[EXCERPTED DATA Boundary: Start]

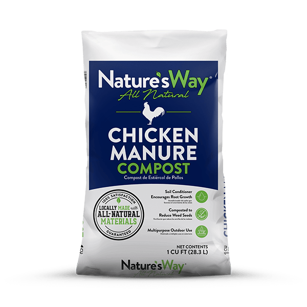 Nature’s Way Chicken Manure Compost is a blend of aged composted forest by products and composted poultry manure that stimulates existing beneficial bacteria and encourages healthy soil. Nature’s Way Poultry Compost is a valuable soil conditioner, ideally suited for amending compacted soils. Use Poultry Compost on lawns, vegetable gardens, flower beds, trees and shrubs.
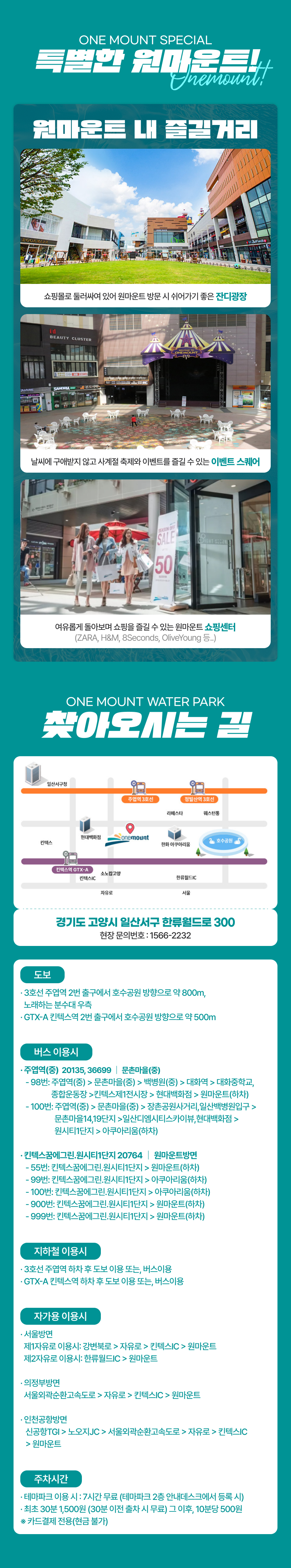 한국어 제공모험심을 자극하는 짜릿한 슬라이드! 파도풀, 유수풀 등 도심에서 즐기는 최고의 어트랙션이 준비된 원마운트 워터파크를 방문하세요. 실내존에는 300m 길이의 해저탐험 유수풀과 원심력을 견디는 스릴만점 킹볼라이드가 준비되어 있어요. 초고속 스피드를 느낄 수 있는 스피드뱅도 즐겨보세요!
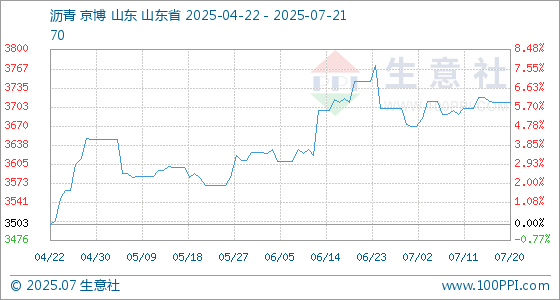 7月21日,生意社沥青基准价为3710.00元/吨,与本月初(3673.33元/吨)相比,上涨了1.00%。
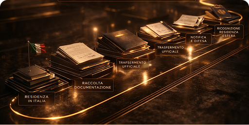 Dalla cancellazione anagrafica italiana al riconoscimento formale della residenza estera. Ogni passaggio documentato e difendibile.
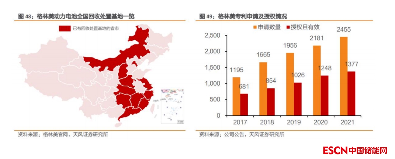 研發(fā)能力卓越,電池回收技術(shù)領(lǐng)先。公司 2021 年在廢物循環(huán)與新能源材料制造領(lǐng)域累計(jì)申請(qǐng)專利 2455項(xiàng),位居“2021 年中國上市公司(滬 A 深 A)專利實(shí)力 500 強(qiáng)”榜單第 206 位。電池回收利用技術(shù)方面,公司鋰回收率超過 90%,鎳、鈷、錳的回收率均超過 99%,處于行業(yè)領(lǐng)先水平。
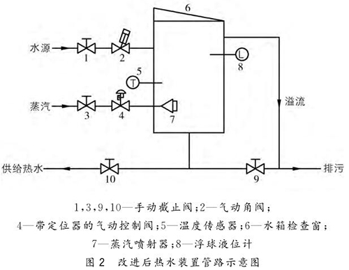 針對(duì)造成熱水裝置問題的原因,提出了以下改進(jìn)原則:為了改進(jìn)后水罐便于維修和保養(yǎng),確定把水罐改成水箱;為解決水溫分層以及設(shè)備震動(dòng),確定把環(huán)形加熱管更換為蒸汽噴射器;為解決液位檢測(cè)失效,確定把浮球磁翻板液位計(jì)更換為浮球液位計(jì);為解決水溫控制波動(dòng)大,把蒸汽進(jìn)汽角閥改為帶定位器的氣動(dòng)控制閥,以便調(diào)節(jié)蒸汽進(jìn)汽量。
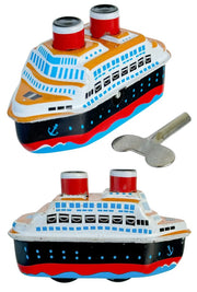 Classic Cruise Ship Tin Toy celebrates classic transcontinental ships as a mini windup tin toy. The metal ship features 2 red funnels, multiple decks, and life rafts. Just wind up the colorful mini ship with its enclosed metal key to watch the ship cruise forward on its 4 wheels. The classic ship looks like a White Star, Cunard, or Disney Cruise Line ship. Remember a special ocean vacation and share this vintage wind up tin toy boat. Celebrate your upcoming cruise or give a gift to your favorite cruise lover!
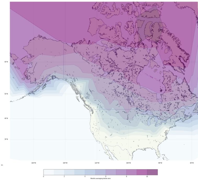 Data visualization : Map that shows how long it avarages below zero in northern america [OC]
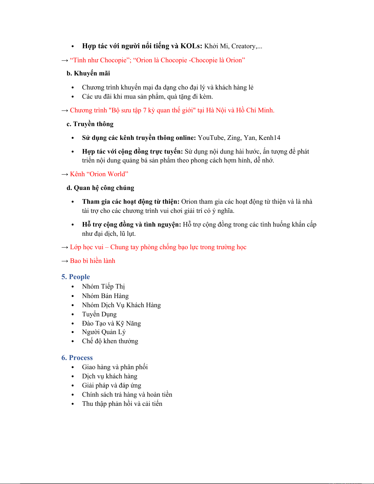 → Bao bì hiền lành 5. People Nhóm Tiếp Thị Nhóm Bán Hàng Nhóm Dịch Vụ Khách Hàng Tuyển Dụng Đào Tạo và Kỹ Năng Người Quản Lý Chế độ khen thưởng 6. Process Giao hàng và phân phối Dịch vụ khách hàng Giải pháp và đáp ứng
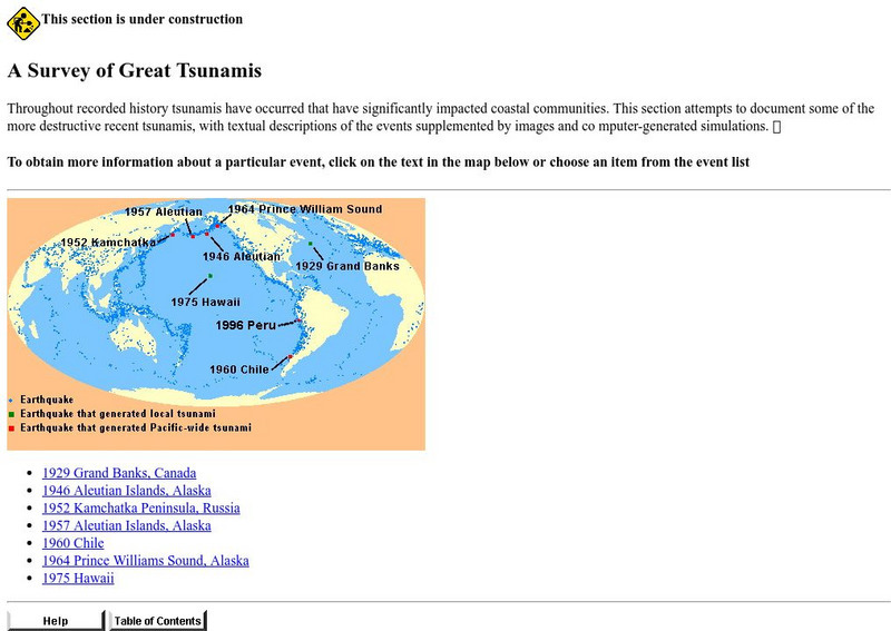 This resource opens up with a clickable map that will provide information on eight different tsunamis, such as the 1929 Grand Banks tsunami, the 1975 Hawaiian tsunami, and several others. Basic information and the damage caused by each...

[EXCERPTED DATA Boundary: End]
[EXCERPTED DATA Boundary: Start]

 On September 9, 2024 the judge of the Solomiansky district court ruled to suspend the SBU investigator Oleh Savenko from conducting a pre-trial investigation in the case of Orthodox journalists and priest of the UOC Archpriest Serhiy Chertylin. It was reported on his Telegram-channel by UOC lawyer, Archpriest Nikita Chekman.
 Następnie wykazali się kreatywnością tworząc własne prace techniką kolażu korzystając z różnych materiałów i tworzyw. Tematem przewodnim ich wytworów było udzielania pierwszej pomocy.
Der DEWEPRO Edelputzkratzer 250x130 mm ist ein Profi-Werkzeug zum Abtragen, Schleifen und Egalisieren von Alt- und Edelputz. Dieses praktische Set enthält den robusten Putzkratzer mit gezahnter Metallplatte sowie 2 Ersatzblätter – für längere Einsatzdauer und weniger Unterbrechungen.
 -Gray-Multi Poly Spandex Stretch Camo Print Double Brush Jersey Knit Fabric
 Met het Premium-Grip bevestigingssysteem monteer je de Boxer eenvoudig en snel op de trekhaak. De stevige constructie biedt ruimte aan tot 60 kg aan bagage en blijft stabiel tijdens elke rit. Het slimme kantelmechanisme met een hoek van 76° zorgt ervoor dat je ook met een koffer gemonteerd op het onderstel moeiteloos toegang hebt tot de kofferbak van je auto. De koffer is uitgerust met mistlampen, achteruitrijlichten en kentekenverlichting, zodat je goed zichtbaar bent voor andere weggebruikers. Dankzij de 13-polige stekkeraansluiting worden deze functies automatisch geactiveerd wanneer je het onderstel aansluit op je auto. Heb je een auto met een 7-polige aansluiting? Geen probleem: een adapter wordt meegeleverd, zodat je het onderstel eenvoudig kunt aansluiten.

[EXCERPTED DATA Boundary: End]
[EXCERPTED DATA Boundary: Start]

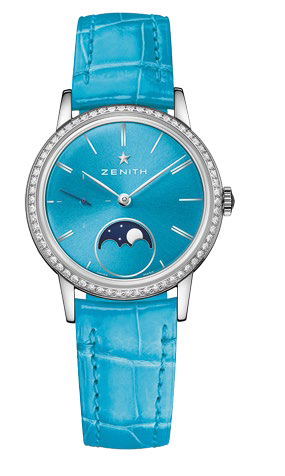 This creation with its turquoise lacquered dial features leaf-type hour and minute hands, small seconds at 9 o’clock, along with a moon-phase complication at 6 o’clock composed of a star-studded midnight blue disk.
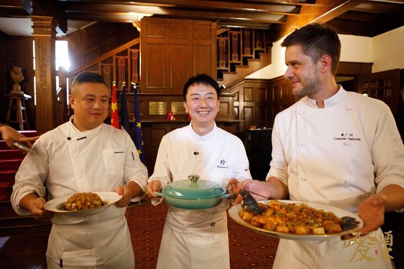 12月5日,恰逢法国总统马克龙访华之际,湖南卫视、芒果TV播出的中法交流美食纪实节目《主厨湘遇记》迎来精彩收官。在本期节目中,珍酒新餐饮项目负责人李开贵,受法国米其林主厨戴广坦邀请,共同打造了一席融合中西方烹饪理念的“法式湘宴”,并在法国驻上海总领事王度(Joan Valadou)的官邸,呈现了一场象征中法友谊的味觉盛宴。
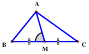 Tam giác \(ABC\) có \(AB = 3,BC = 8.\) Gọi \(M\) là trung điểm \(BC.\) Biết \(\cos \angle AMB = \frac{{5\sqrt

[EXCERPTED DATA Boundary: End]

WHAT IS BEING ASKED: In the listing above, find the line with "This creation with" and the line with "Tam giác \(ABC\)". Copy exactly those lines and all between them, minus the images.

THE COMPLETED TASK:
 This creation with its turquoise lacquered dial features leaf-type hour and minute hands, small seconds at 9 o’clock, along with a moon-phase complication at 6 o’clock composed of a star-studded midnight blue disk.
 12月5日,恰逢法国总统马克龙访华之际,湖南卫视、芒果TV播出的中法交流美食纪实节目《主厨湘遇记》迎来精彩收官。在本期节目中,珍酒新餐饮项目负责人李开贵,受法国米其林主厨戴广坦邀请,共同打造了一席融合中西方烹饪理念的“法式湘宴”,并在法国驻上海总领事王度(Joan Valadou)的官邸,呈现了一场象征中法友谊的味觉盛宴。
 Tam giác \(ABC\) có \(AB = 3,BC = 8.\) Gọi \(M\) là trung điểm \(BC.\) Biết \(\cos \angle AMB = \frac{{5\sqrt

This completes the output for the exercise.